The point of having Rust-based WebAssembly in Node.js is to offload some compute-heavy parts from Node.js to Rust, which runs significantly faster for tasks that require algorithmic or memory optimization. The Rust compiler is smart enough to optimize its base functions, which makes it run faster. However, the combination of a single-threaded Node.js and Rust-based WebAssembly, which also runs without threading, won’t do much to save you time or resources.

The idea is to use a Node.js module worker_threads to spin up a new Rust WebAssembly computation without having a sync operation waiting in the main thread. Let’s demonstrate how to spin up a Node.js worker thread from JavaScript WebAssembly wrapper similar to this:

const {Worker} = require('worker_threads');

...
const worker = new Worker('wasm-wrapper.js', {...someDataIfWeNeed});
worker.on('message', resolve);
worker.on('error', reject);
worker.on('exit', (code) => {
  if (code !== 0) {
        console.log(`Worker stopped with exit code ${code}`);
    }
});
…

wasm-wrapper.js is not the actual Wasm file; worker_threadspins up only JavaScript files, which are parsable and contain main executional processes. A Wasm file itself is just a library that exports functions to be accessible from JavaScript, which is why we need a JS wrapper function.

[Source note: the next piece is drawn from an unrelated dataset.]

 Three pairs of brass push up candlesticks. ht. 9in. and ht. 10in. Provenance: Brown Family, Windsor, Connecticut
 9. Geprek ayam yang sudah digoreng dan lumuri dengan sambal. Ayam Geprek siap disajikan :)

How to make a real WebAssembly integration in Rust

Before Rust’s involvement in WebAssembly, it was very hard to compile a project into a Wasm file due to the lack of compile tools. The Rust community made it amazingly simple to jump into WebAssembly.

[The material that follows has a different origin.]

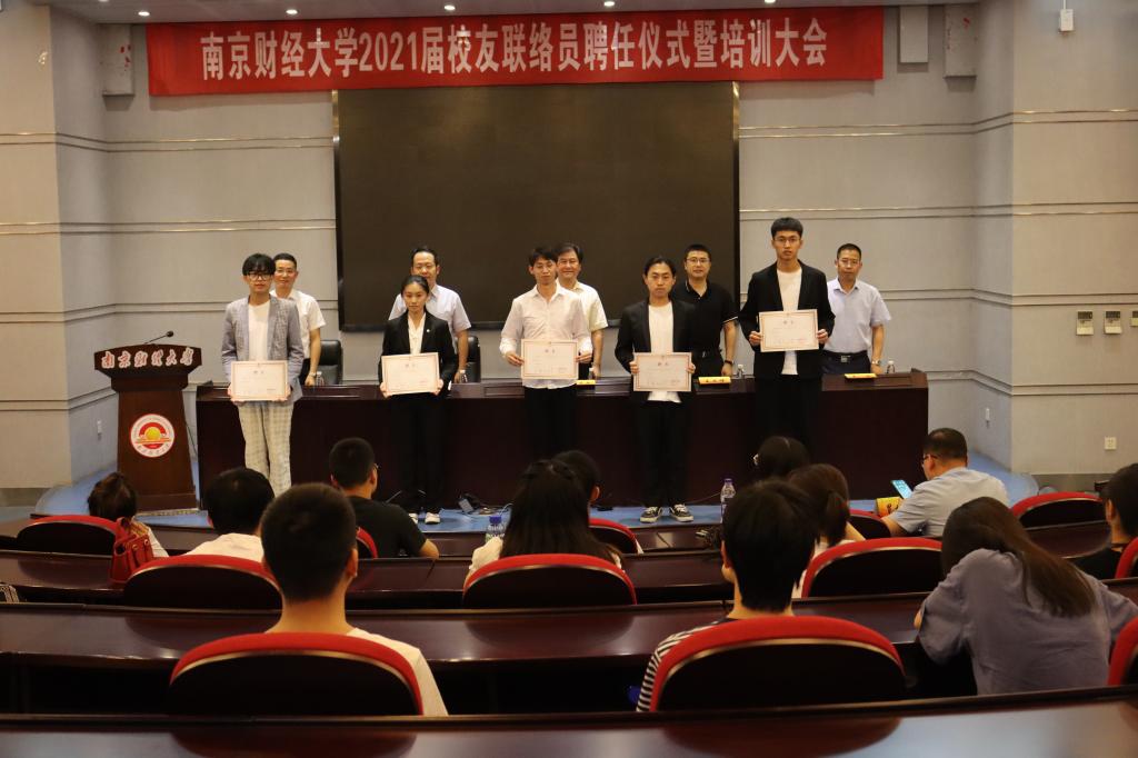 王冲副处长宣读了《南京财经大学校友会关于聘任2021届校友联络员的决定》,与会领导和嘉宾一起为2021届校友联络员代表颁发了聘书。

To start, install Cargo/Rust and wasm-pack. Once the base installation setup is done, you’re ready to start coding.

mod utils;

use wasm_bindgen::prelude::*;

// When the `wee_alloc` feature is enabled, use `wee_alloc` as the global
// allocator.
#[cfg(feature = "wee_alloc")]
#[global_allocator]
static ALLOC: wee_alloc::WeeAlloc = wee_alloc::WeeAlloc::INIT;

#[wasm_bindgen]
pub fn greet() -> String {
    String::from("Hello World!")
}

This is a basic “Hello, World!” for Rust WebAssembly. By compiling it with wasm-pack, we get a full JS wrapper and Wasm file.

~# wasm-pack build --target=nodejs

# Output files
pkg/<project_name>_bg.wasm
    <project_name>.js

We are not going to work with the Wasm file directly because it is already wrapped with helper functions inside the JS file.

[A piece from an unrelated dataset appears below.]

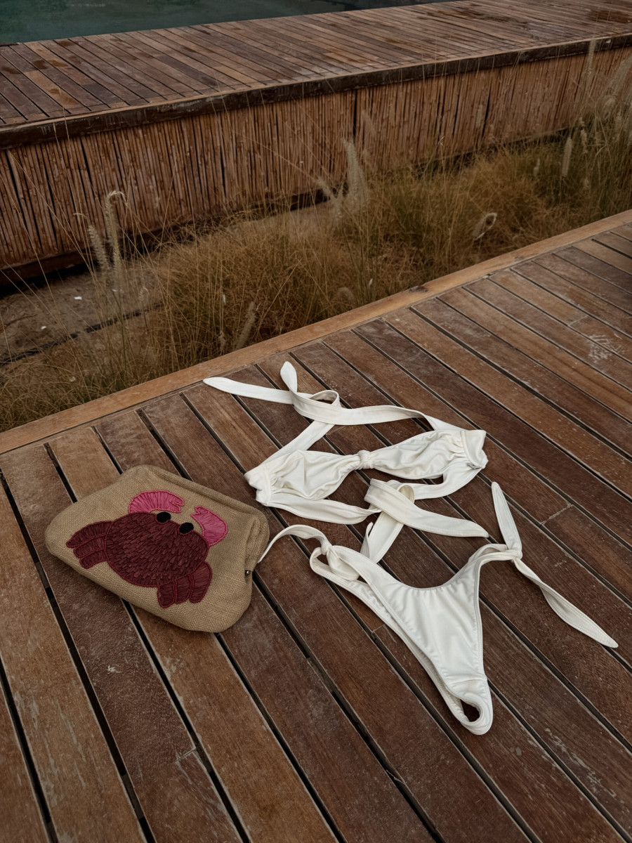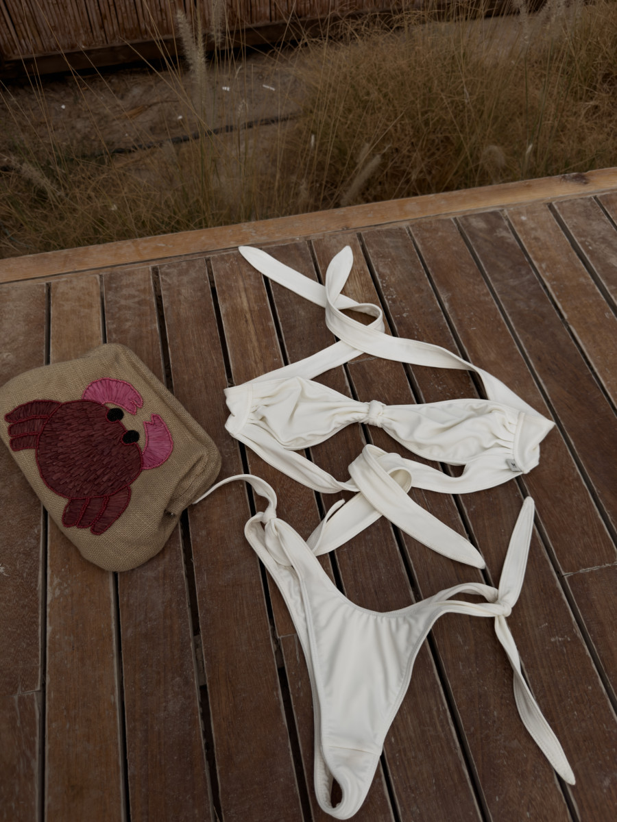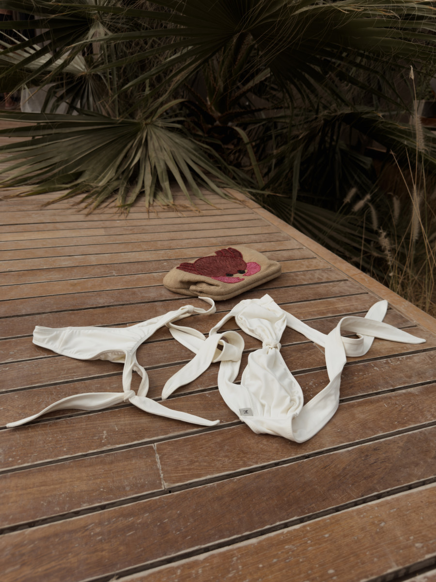 Dół bikini z wiązaniami po bokach, wycięty tak, by podkreślać biodra i optycznie wydłużać nogi. Wykonany z elastycznej, miękkiej tkaniny pięknie dopasowuje się do ciała. Klasyczna baza do wielu stylizacji – od kompletu z dopasowaną górą po niezależne zestawy z innymi elementami kolekcji.

const {greet} = require('./pkg/<project_name>.js');
console.log(greet());

// This will print "Hello World!"

This basic example shows how easy it can be to make a WebAssembly integration with Node.js. Now let’s connect those two pieces with a shared buffer variable inside a worker thread.

WebAssembly and worker threads

We’re at the stage where we can call a WebAssembly function within Node.js. Again, the actual Node.js worker thread is just a JS file that needs to be executed as a separate thread.

First, let’s make two JavaScript files, like this:

// main.js - the main executional file to start program from
const { Worker } = require('worker_threads');
const worker = new Worker('./worker.js');
worker.once('message', (message) => {
  console.log(message);
});

// worker.js - worker file to be called from main.js
const { parentPort } = require('worker_threads');
const {greet} = require('./pkg/<project_name>.js');
parentPort.once('message', (message) => {
  parentPort.postMessage(greet());
});

Our greeting message will be printed from the master thread, but the actual WebAssembly is executed from the worker thread. Using this basic principle, we can execute and sync operational Wasm code as a separate thread and wait for a message from it.

A few companies are doing heavy computational 3D rendering with WebAssembly across many worker threads. This helps to keep JavaScripts’ main event loop nonblocking while scaling across many CPU cores.

What if you want to share a variable between Wasm and JS? This is a bit more complicated in theory than in practice because Rust variable borrowing and mutable references usually do their jobs. However, it is not possible to play with a straight variable from JS to Rust because the actual communicational channel goes over shared plain memory, which is just a buffer. It comes in SharedBuffer type, which helps to transfer data between different types JavaScript and Rust data models.

Shared array buffers from JS to Wasm

There are only a few types of arrays supported by Rust Wasm implementation. The most common is &[u8] byte array, which is a plain byte-based representation of data. As you know from base computer science courses, all data consists of bytes. Therefore, you can pass the actual byte array, which represents complex objects encoded in some format, over Wasm and JS.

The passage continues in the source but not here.